I’m a bit behind on stories to cover, so this one is from a week ago, but I think it’s still well worth your attention. It’s a piece by economist Steven Hamilton in last week’s Channel 9 papers, offering a critique of the recent essay in the Monthly, “Capitalism after the crises”, by federal treasurer Jim Chalmers.
I haven’t read the Chalmers essay so I’m not going to comment on the accuracy of Hamilton’s response. My interest is in the way he implicates that curious term “neoliberalism”, which we’ve had occasion to talk about a few times in the past. (This post from a year ago includes a handy summary).
Hamilton first introduces the term with the statement that “The neoliberal wave that swept across the world during the decades leading up to the global financial crisis in many ways overcorrected for the government overreach that preceded it.” That sounds as if he’s taking neoliberalism to be a pro-market, anti-statist movement – which is certainly one common usage, from both supporters and opponents.
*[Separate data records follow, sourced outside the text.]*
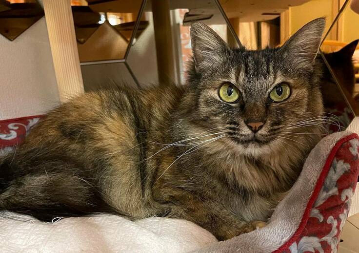 先日、お見合いをして卒業が決まっていたキジトラ長毛の美貌の『プラム』ちゃん。昨日営業終了後に無事、お引越を完了致しました!
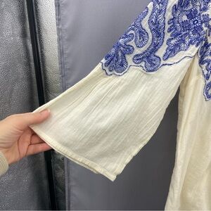 Chico's Women's Medium Gauze Embroidered Gauze Top Beach Reef Boho
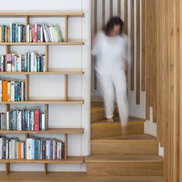 大面積的書架不一定是一成不變的,可以根據(jù)家里的特點(diǎn)而變化。高低起伏的書架邊緣為家里的小動(dòng)物創(chuàng)造出一個(gè)攀爬的空間,也是別于其他書架的特色之一。
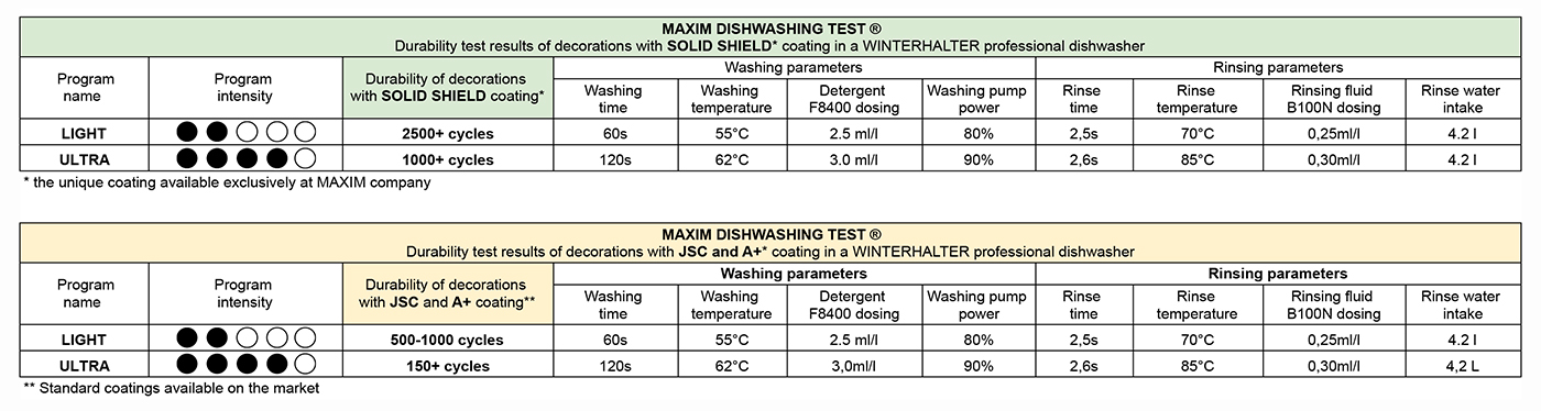* MAXIM DISHWASHING TEST ® in the WINTERHALTER commercial dishwasher

So it’s a bit of a surprise when, five paragraphs later, he tells us that “The treasurer’s big new idea of government pursuing partnerships with the private sector is just about the most neoliberal thing imaginable.” Surely partnerships with government aren’t much of a correction, whether over or under, for government overreach?
Then we get this:
Among the many legacies of the neoliberal era, arguably the most corrosive was the proliferation of mixed markets, which in Australia have become dominant in critical industries. …
An enlightened liberalism recognises there are some jobs for government and others for the private sector – that the government and private enterprise holding hands frequently results in terrible services at obscene prices. Where is the thought leadership on this key failure of neoliberalism?
If you take neoliberalism to denote a sort of free-market fundamentalism, then this makes no sense. The ill effects of private-public entanglement are a leading theme of all the major pro-market writers; by no stretch of the imagination can they be described as proponents of the sort of cronyism that Hamilton is attacking.
Yet it’s true that, if we think of the 30-odd years preceding the global financial crisis as “the neoliberal era”, it was marked in many places (including Australia) by a rise in cronyism and in arrangements that lack either the discipline of real markets or the democratic accountability of government services. Hamilton’s criticism of this trend is spot on, and he is probably right to say that Chalmers avoids addressing it because that would be politically difficult.
But if that’s neoliberalism, then it’s no longer a pro-market movement: it’s a movement that uses some market-related rhetoric as a cover for funnelling public money to private interests. Alternatively, you could hold onto the pro-market meaning of the term, but say that it was subverted by a different set of interests in both private and public sectors, resulting in outcomes that are bad precisely because they are not neoliberal at all.
What all too many critics of neoliberalism want, however, is to do both at once: to be able to switch from one usage to the other without warning. One minute, neoliberals are cutting back government and promoting markets; the next minute, they’re in cahoots with big business to frustrate markets. The idea of markets as working against the interests of the ruling class – a staple of pro-market thought going back at least to Adam Smith – is simply defined out of existence.
I don’t think this is consciously Hamilton’s strategy. He seems to want markets to be allowed to work properly, although he would give government a greater role alongside them than I think is wise. But his way of framing the problem leaves the door open to confusion.
Before you talk about neoliberalism, think carefully. Do you know what you’re trying to say? Are you sticking to just one meaning? And are you letting your audience know what that is? If not, best to find a different word.